How to complete this task -
Please return the full listing exactly as written, with the images removed.

Supplied information -
═══

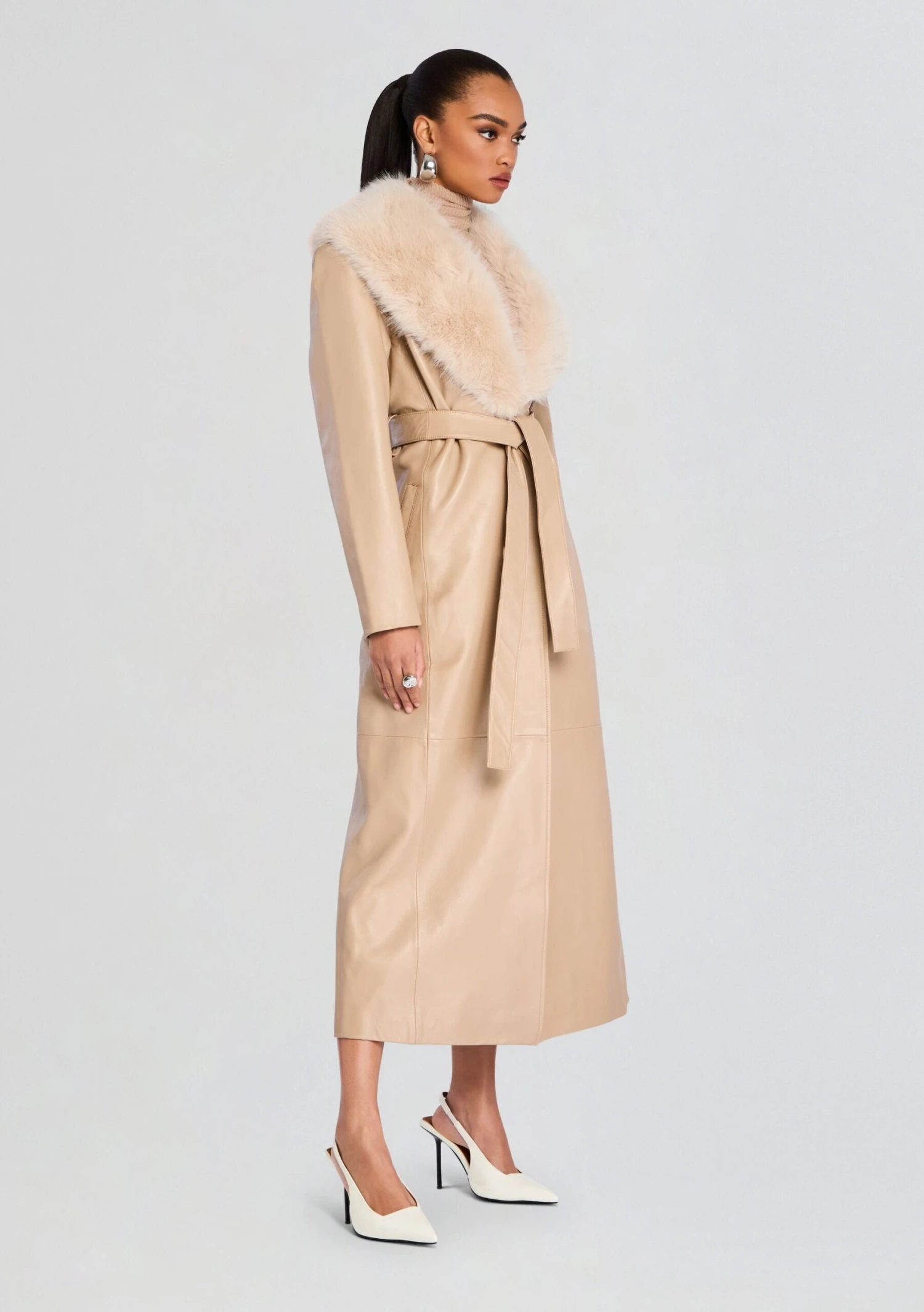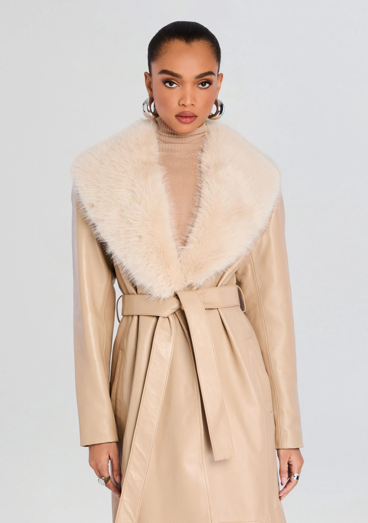 Indulge in the timeless sophistication of our Kieran Trench Coat. Crafted from luxurious lambskin, this coat exudes elegance and refinement. It features a removable faux fur detailing and a belt for a versatile look, perfect for any occasion. Elevate your style with this premium piece.
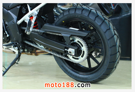 19寸前輪、17寸后輪十輻式鋁輪轂,出廠裝配普利司通戰翼BW-502輪胎。前輪胎規格為110/70-17,后輪胎規格為150/70-17。原廠輪胎在公路上的抓地性能尚佳,但在沙土、泥濘路面真是“只見轉速不見速度”;而在運動駕駛當車體傾角達到約30度左右時,因輪胎觸地弧度問題會導致操控段落感。大培子本人只關注輪胎的性能以及用途,對寬窄......
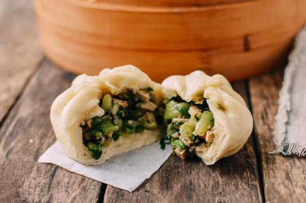 Baby bok choy, dried bean curd, soy sauce, fresh shiitake mushrooms, sesame oil

═══

Completed exercise -
 Indulge in the timeless sophistication of our Kieran Trench Coat. Crafted from luxurious lambskin, this coat exudes elegance and refinement. It features a removable faux fur detailing and a belt for a versatile look, perfect for any occasion. Elevate your style with this premium piece.
 19寸前輪、17寸后輪十輻式鋁輪轂,出廠裝配普利司通戰翼BW-502輪胎。前輪胎規格為110/70-17,后輪胎規格為150/70-17。原廠輪胎在公路上的抓地性能尚佳,但在沙土、泥濘路面真是“只見轉速不見速度”;而在運動駕駛當車體傾角達到約30度左右時,因輪胎觸地弧度問題會導致操控段落感。大培子本人只關注輪胎的性能以及用途,對寬窄......
 Baby bok choy, dried bean curd, soy sauce, fresh shiitake mushrooms, sesame oil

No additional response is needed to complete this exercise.